Knee-xRAI: An Explainable AI Framework for Automatic Kellgren-Lawrence Grading of Knee Osteoarthritis

Abstract: Radiographic grading of knee osteoarthritis (KOA) with the Kellgren-Lawrence (KL) system is limited by inter-reader variability and the opacity of current deep learning approaches, which predict KL grades directly from images without decomposing structural features. We present Knee-xRAI, a modular framework that independently quantifies the three cardinal radiographic features of KOA (joint space narrowing [JSN], osteophytes, and subchondral sclerosis) and integrates them into an explainable KL grade classification. The pipeline combines U-Net++ segmentation for contour-based JSN measurement, an SE-ResNet-50 network for per-site osteophyte grading (OARSI scale), and a hybrid texture-CNN classifier for binary sclerosis quantification. The resulting 50-dimensional structured feature vector feeds two complementary classification paths. An XGBoost path supports SHAP-based feature attribution. A ConvNeXt hybrid path combines the structured vector with a full-image encoder for enhanced predictive performance. Evaluated on 8,260 radiographs from an OAI-derived dataset, the JSN module achieved a Dice coefficient of 0.8909 and an mJSW intraclass correlation of 0.8674 against manual annotations. The ConvNeXt hybrid path reached a test quadratic weighted kappa (QWK) of 0.8436 and AUC of 0.9017. The transparent XGBoost path achieved a test QWK of 0.6294 with full feature-level audit capability.
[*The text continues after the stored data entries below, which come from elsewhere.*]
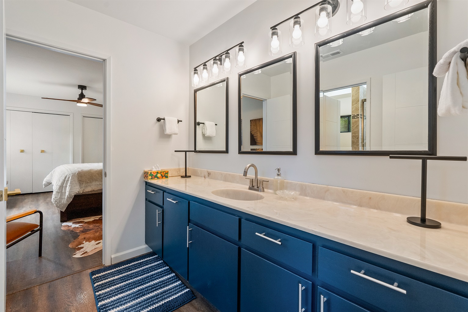 The Retro Rest is the primary ensuite that features a king-size bed and has been completely updated with modern finishes. It offers a spacious layout with direct access to a recently renovated en-suite bathroom, Mid Century Blue, which includes spa-inspired features such as a walk-in shower, sleek vanity, and a serene ambiance designed for relaxation.
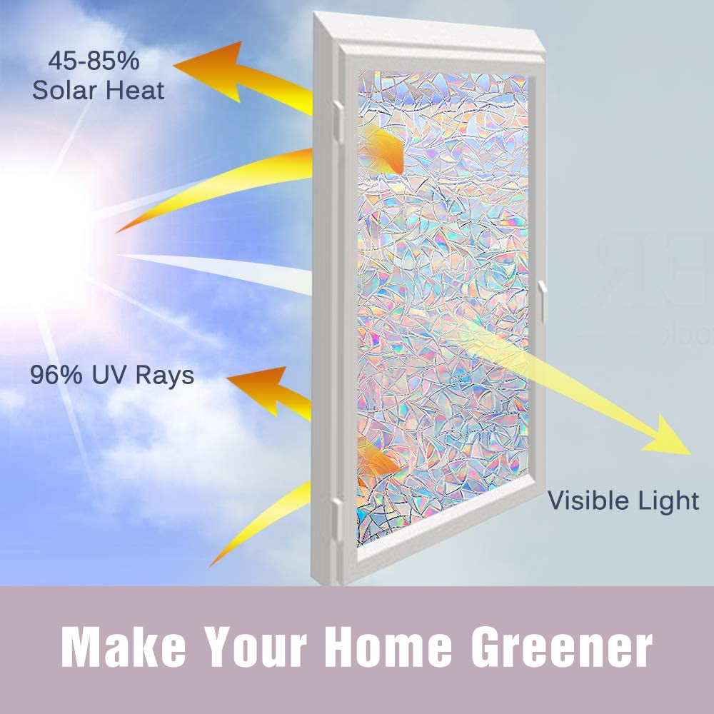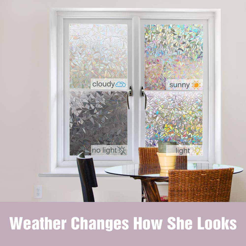 With special irregular patterns, this 3D window film creates rainbow visual effect when sunlight shines through after installation and brings unique decoration on your windows, a cost-effective alternative to heavy expensive curtains or blinds
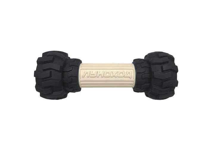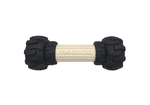 Прочная и тяжелая игрушка-дозатор в форме колесной оси или привычной "гантели" для самых крупных собак. Колеса имеют емкости по бокам, куда можно насыпать кусочки лакомства или наполнить их паштетом и заморозить для более длительного занятия собаки.
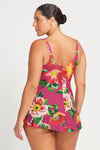A-line dress - This Delacroix swimdress shape is a waist defining A-line design. This very flattering flared A-line dress falls softly around your hips creating the perfect curve fit or plus size swimdress silhouette.
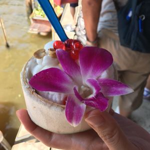 早朝5時に空港に着く深夜便だったので、空港発プランにしました。7時の待ち合わせには1時間ほど余裕がありました。ココナッツファームは、ほとんどトイレ休憩で終わってしまいましたが十分だったと思います。水上マーケットに着いてからは、まずエンジンボートに乗り、結構なスピードで水路を進んでいきました。これは乗っていて楽しかったです。次に現地の人が漕いでくれる手漕ぎボートに乗りました。水路の両側がお土産屋さんで、もし買いたいものがあればボートを寄せて値段交渉しながら買うスタイルです。観光客の船で大混雑していました。残念ながら、時間帯のせいなのか、日用雑貨や生鮮食料品を積んだ現地の人たちは見かけませんでした。ツインタワーホテル内のビュッフェはとても美味しかったです。料金的には少し高めですが、スーツケースと一緒にホテルまで送ってもらえるので、深夜便で着いた私たちにはよかったです。(その日は私と娘の貸し切りでした。)
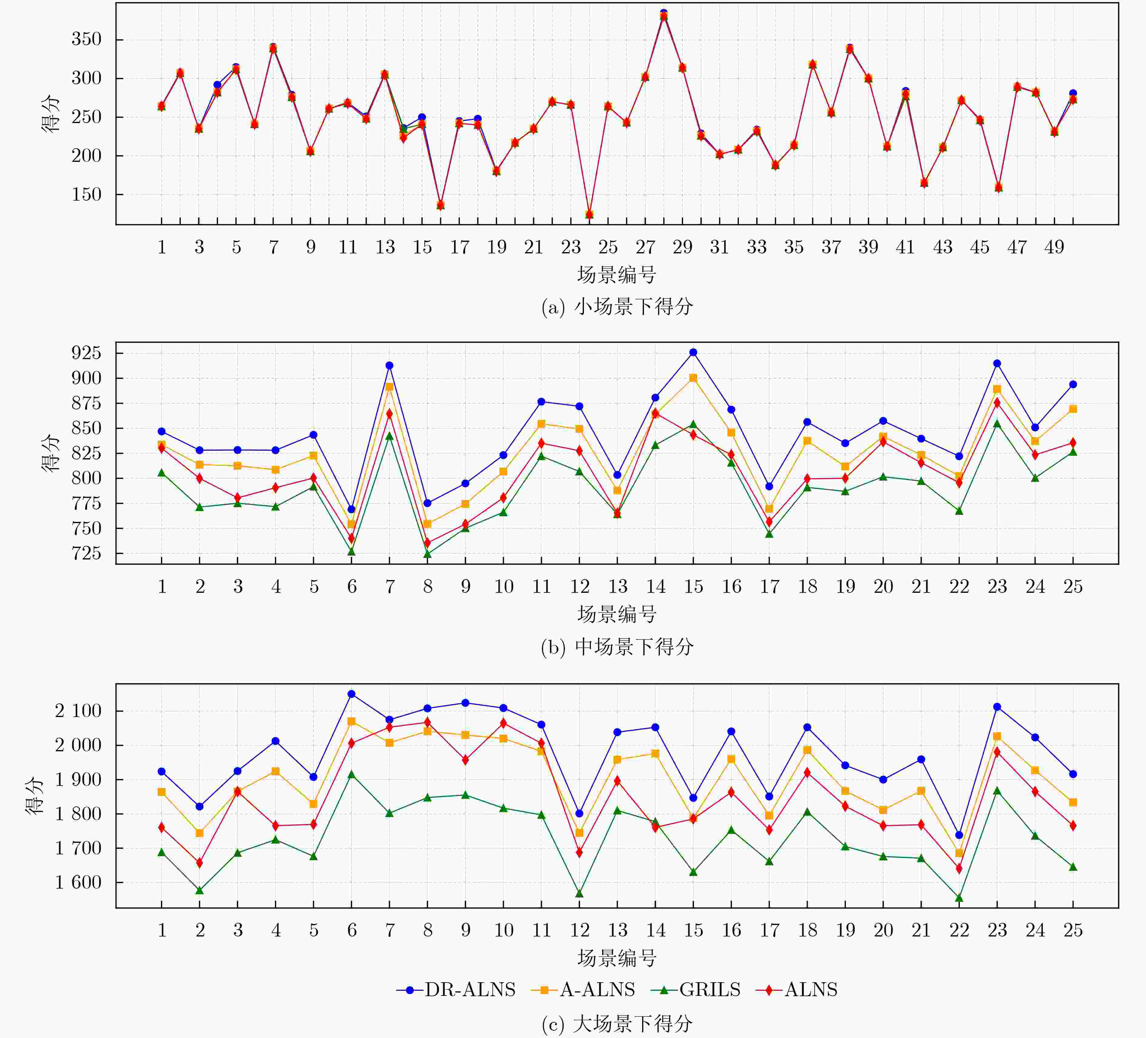算法 小场景平均得分 中场景平均得分 大场景平均得分 DR-ALNS 252.18 845.59 1979.73 ALNS 250.62 820.76 1870.65 A-ALNS 250.54 826.25 1904.31 GRILS 250.66 791.68 1730.04 表 5 各场景中获得最优解迭代次数和运行时间

Ablation confirmed JSN as the dominant predictor (QWK = 0.6103 alone), with osteophyte features providing consistent incremental gain (+0.0183) and sclerosis contributing marginally. Inference-time ablation of Path B confirmed the structured pathway contributes materially beyond the image encoder, with QWK drops of 0.098 (feature zeroing) and 0.284 (feature-image permutation). Knee-xRAI explicitly quantifies all three KL-defining radiographic features within a single auditable pipeline.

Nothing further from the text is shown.